Страница 28 из 33
– Справедливость, Уильям, понятие относительное. А правосудие и вовсе слепо. Не хотите выпить со мной? Я знаю одно местечко, где никому нет дела до того, кто мы и какое горе заливаем.
Собеседник несколько мгновений колебался, и барон почувствовал себя змеем-искусителем, предлагающим смертной женщине запретный плод. Даже хотел было рассмеяться и отпустить протеже, когда тот решительно кивнул. Точно в омут бросился. И Винсент дал Томасу знать про изменения в маршруте.
Хотелось, конечно, отправиться в “Черную Орхидею”, но, во-первых, было слишком рано и девушки вряд ли бы приняли гостей, ну а во-вторых, смущать Уильяма так сильно… Нет, это, безусловно, было бы забавно, вот только юноша вполне мог сбежать и более не пересекаться с покровителем, который притащил его в цитадель разврата. Потому только и оставалось, что споить вчерашнего школяра и понаблюдать за результатом.

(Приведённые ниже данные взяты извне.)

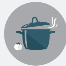
6. Before preparing food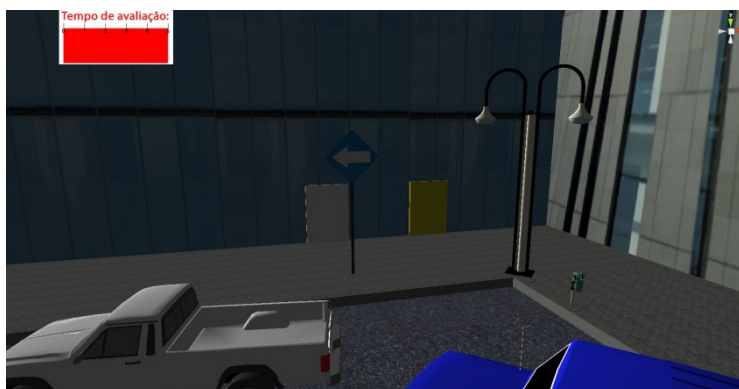
Figure 4. The doors where the patient must enter to change the level of stimulation

A pipeline of the system use is presented in Figure 5.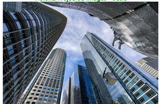
1 st The Salesforce Elevator Amidst Concrete and Glass. San Francisco, CA. 2023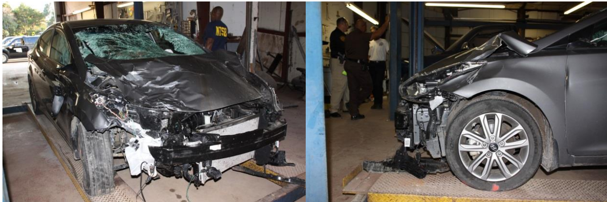
Figure 2. Postcrash views of the front (left) and driver's side front of the Hyundai (right).

The right front tire was deflated, and the right wheel was displaced aft into the fender well. The right and left front fenders were damaged, and both outside mirrors were displaced. Both sides of the car had areas of minor damage. (See figure 2 for images of damage to the Hyundai.)

Он не соврал. Посетители затерянного в лабиринте узких улочек паба с низкими арочными каменными сводами бросили на входящих лишь несколько быстрых, мимолетных взглядов и вернулись к выпивке. Да и было их в этот не поздний еще час не так много, как обычно. Зато Уильям смотрел вокруг во все глаза, явно впервые посещая подобное заведение. Разглядывал дубовые столы, якоря на стенах, отставного боцмана за массивной стойкой, управляющегося с бутылками с той же легкостью, с какой вязал морские узлы. И Винсент с легкой ностальгической усмешкой вспоминал, конечно, себя. Как это было уже давно… Теперь в Старой Столице вряд ли найдется хоть одно злачное заведение, которое бы он не посещал хоть раз.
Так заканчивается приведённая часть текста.